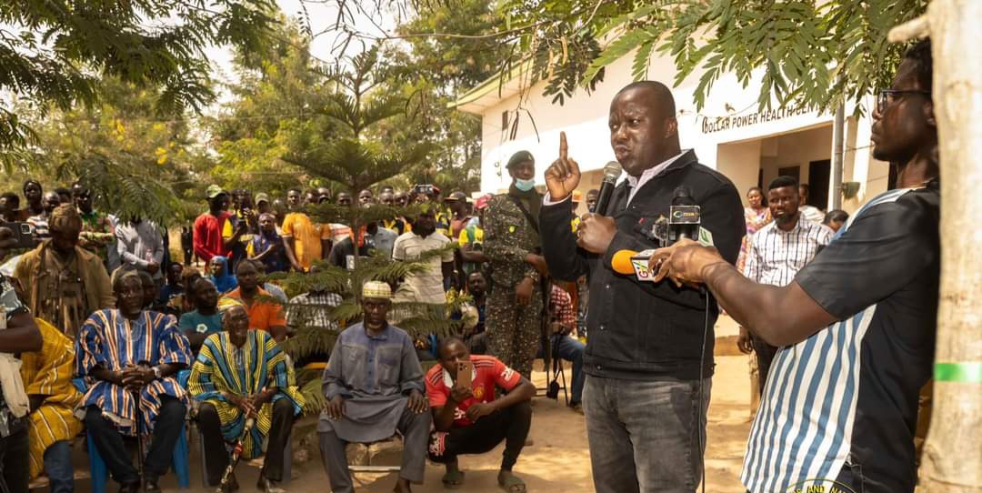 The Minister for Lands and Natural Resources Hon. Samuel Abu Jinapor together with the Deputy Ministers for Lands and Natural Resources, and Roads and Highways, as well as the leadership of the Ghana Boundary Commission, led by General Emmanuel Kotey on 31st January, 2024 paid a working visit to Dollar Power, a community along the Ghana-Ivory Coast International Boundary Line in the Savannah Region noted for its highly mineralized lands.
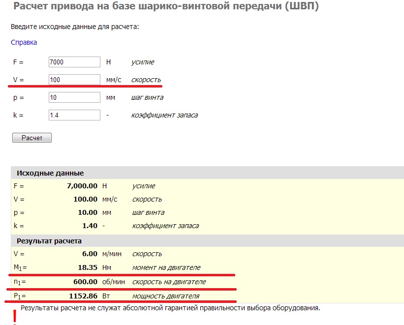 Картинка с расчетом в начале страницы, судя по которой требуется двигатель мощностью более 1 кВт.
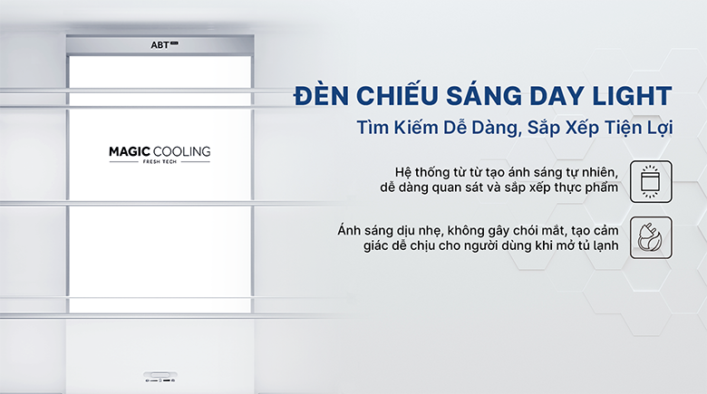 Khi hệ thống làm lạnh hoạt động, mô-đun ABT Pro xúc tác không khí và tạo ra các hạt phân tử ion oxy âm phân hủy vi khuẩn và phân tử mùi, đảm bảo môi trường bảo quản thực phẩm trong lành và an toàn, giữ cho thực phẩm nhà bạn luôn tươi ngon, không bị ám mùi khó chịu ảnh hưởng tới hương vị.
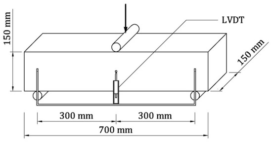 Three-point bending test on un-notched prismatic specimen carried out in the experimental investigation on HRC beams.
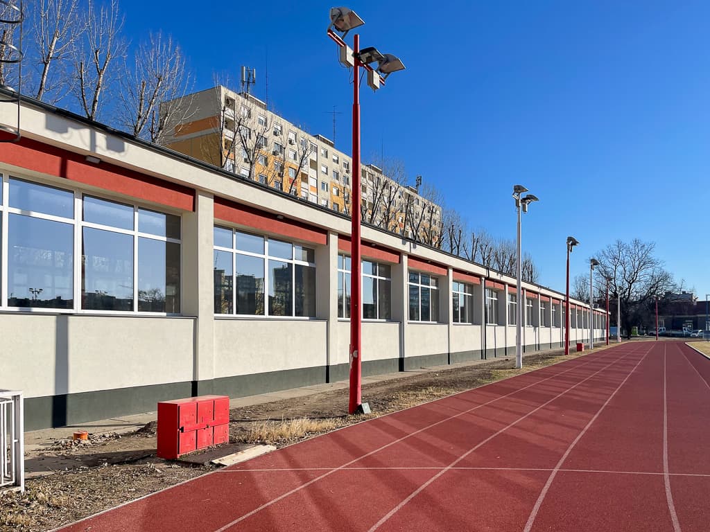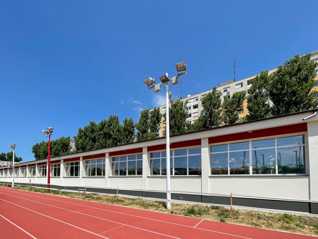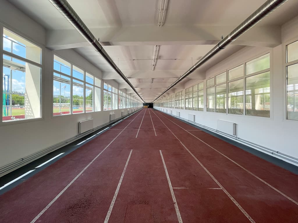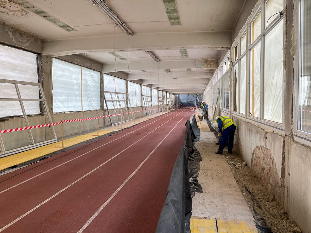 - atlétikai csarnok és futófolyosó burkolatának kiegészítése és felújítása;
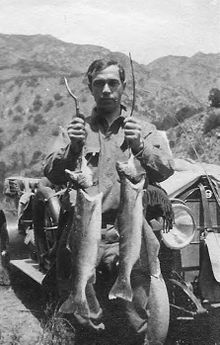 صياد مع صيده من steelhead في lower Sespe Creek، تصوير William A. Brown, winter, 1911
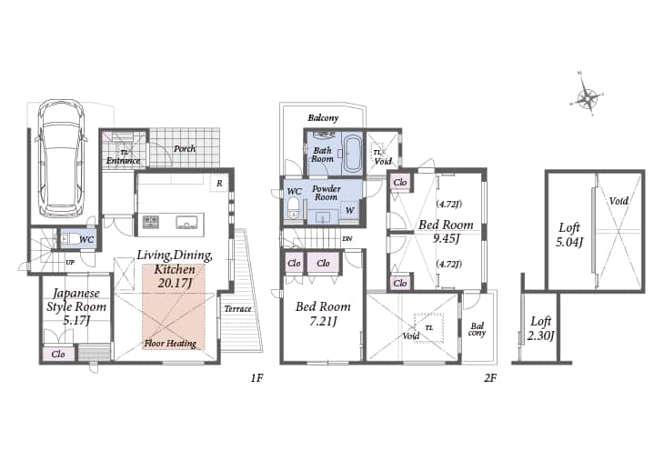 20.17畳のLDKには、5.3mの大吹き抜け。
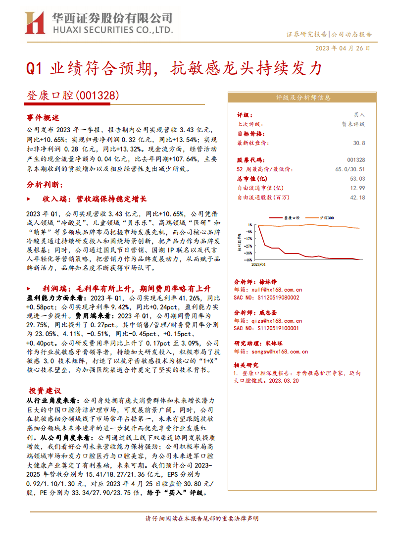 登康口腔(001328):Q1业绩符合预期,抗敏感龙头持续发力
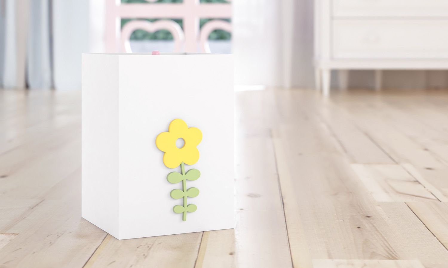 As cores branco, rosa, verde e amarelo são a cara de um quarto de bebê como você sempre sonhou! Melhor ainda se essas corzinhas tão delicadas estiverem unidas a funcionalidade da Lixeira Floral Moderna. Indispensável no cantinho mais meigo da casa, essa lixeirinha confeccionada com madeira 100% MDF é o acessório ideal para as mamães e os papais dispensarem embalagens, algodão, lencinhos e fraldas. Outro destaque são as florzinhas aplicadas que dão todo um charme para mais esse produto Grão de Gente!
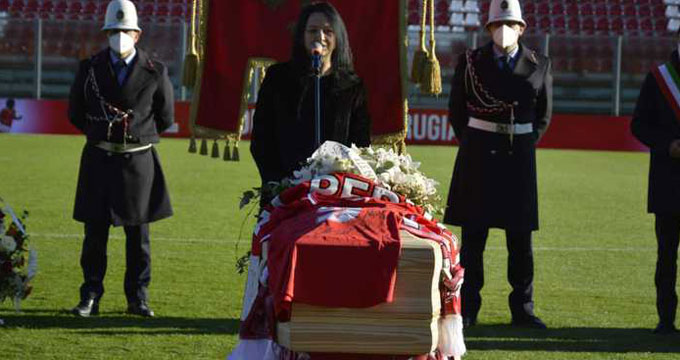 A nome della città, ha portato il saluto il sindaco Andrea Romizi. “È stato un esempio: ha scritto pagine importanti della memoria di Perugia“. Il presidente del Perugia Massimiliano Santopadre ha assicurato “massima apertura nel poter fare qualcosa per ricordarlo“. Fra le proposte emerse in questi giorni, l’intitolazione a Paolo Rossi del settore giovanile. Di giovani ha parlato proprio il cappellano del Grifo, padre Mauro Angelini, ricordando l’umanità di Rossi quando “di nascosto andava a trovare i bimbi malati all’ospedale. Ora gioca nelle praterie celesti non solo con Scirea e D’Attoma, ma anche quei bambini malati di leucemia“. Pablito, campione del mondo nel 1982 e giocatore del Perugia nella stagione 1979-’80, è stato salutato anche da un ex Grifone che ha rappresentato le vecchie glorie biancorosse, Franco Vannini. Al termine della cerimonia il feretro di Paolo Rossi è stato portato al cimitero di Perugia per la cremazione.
---
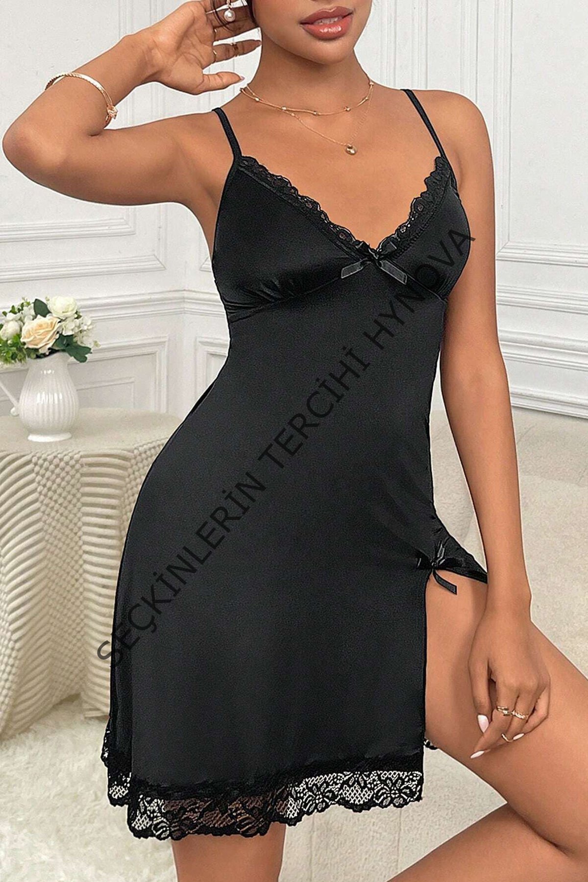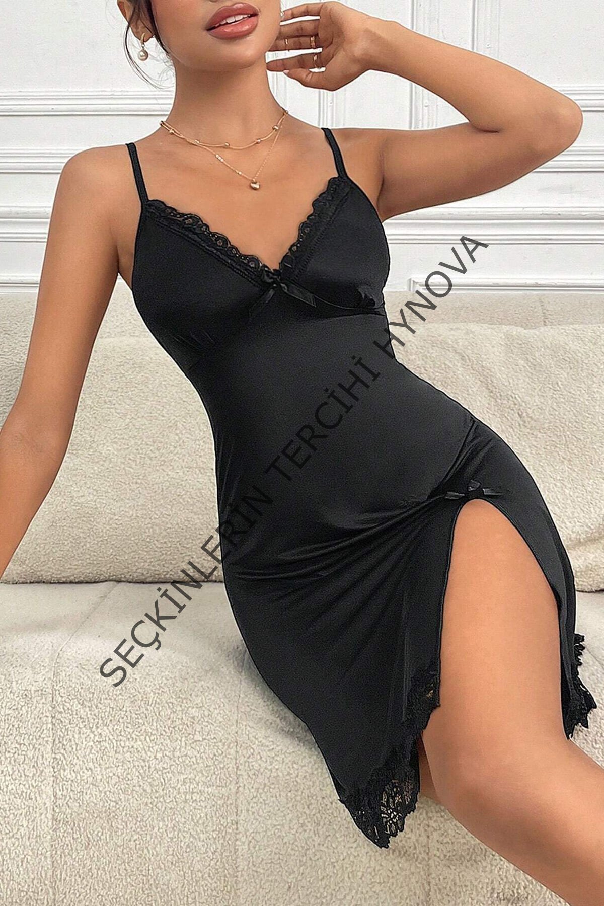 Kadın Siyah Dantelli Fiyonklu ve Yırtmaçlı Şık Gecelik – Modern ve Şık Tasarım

Task prompt
Only the lines between the one with "The Minister for" and the one with "Three-point bending test", those two included, get copied from the material above. Keep it exact and free of pictures.

Exercise result
 The Minister for Lands and Natural Resources Hon. Samuel Abu Jinapor together with the Deputy Ministers for Lands and Natural Resources, and Roads and Highways, as well as the leadership of the Ghana Boundary Commission, led by General Emmanuel Kotey on 31st January, 2024 paid a working visit to Dollar Power, a community along the Ghana-Ivory Coast International Boundary Line in the Savannah Region noted for its highly mineralized lands.
 Картинка с расчетом в начале страницы, судя по которой требуется двигатель мощностью более 1 кВт.
 Khi hệ thống làm lạnh hoạt động, mô-đun ABT Pro xúc tác không khí và tạo ra các hạt phân tử ion oxy âm phân hủy vi khuẩn và phân tử mùi, đảm bảo môi trường bảo quản thực phẩm trong lành và an toàn, giữ cho thực phẩm nhà bạn luôn tươi ngon, không bị ám mùi khó chịu ảnh hưởng tới hương vị.
 Three-point bending test on un-notched prismatic specimen carried out in the experimental investigation on HRC beams.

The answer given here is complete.